Я дал свой адрес и ушел.
Приличная степенность сына не нравилась мне совершенно так же, как непристойное кривляние его отца. В глубине души я проклинал ухищренья этих низких торгашей. Мне было ясно, что два мошенника между собою сговорились и выдумали эту распродажу на аукционе через присяжного оценщика, чтобы избегнуть нареканий, если нарочно взвинтят цену на рукопись, которую хотелось мне приобрести. Я был у них в руках. Желанья, хотя бы и самые невинные, имеют ту плохую сторону, что подчиняют нас другому человеку и ставят нас в зависимость. Такая мысль была мучительна, но не отбила у меня охоты владеть твореньем клирика Тумуйе. Размышляя на эту тему, я собирался перейти через мостовую, но остановился, чтобы пропустить карету, ехавшую мне навстречу, и сквозь стекло узнал княгиню Трепову, мчавшуюся на паре вороных, с кучером в мехах, похожим на боярина. Меня она не видела.
«Пусть, – сказал себе я, – она найдет то, что ищет, или, вернее, что ей годится. Вот мое желанье в отплату за тот жестокий смех, каким она встретила мое злосчастие в Джирдженти. У нее душа синицы».
И, грустный, я добрался до мостов.
Вечно равнодушная природа, не торопясь и не опаздывая, довела нас и до 24 декабря.
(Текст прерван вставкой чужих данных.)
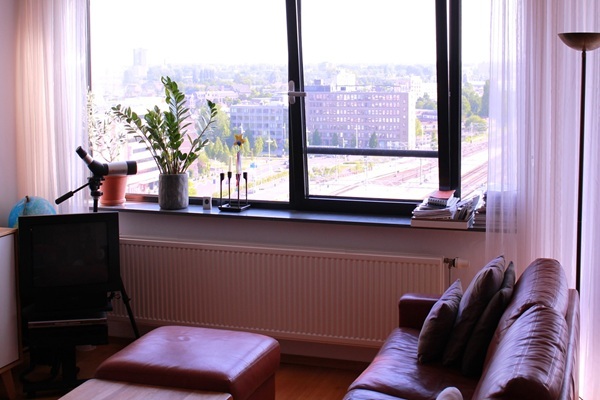 NIET VOOR STUDENTEN Indeling Gezamenlijke entree met lift naar de 9e etage (13e verdieping), entree appartement, hal met videofoon, een stookruimte met wasmachine en droger, apart toilet met fonteintje. Ruime, lichte woonkamer van 36 m2, met massief eiken parket vloer. Open keuken van 6 m2 voorzien van magnetron, afzuigkap, ijskast, vaatwasser. Badkamer met bad, aparte douche, wastafel. Slaapkamer van 14,5 m2, voorzien van 2-persoonsbed en kledingkast. Slaapkamer 11,5 m2 voorzien van 1-persoonsbed en kledingkast. Het appartement is zeer centraal gelegen, naast centraal station en dichtbij centrum.

Я отправился в Отель-Бюйон и занял место в зале № 4, у самого стола, где предстояло сидеть эксперту Полицци и присяжному оценщику Булузу. Зала постепенно наполнялась знакомыми мне лицами. Я пожал руки нескольким старым книготорговцам с набережных, но осторожность, какую внушает людям, даже наиболее доверчивым, всякая большая заинтересованность, понудила меня замалчивать причину моего необычного присутствия в Отель-Бюйон. Наоборот, я расспросил этих господ о том, что в данной распродаже, организованной Полицци, могло привлечь их интерес, и слушал с удовольствием, как разговор шел совершенно о других предметах, а не моем.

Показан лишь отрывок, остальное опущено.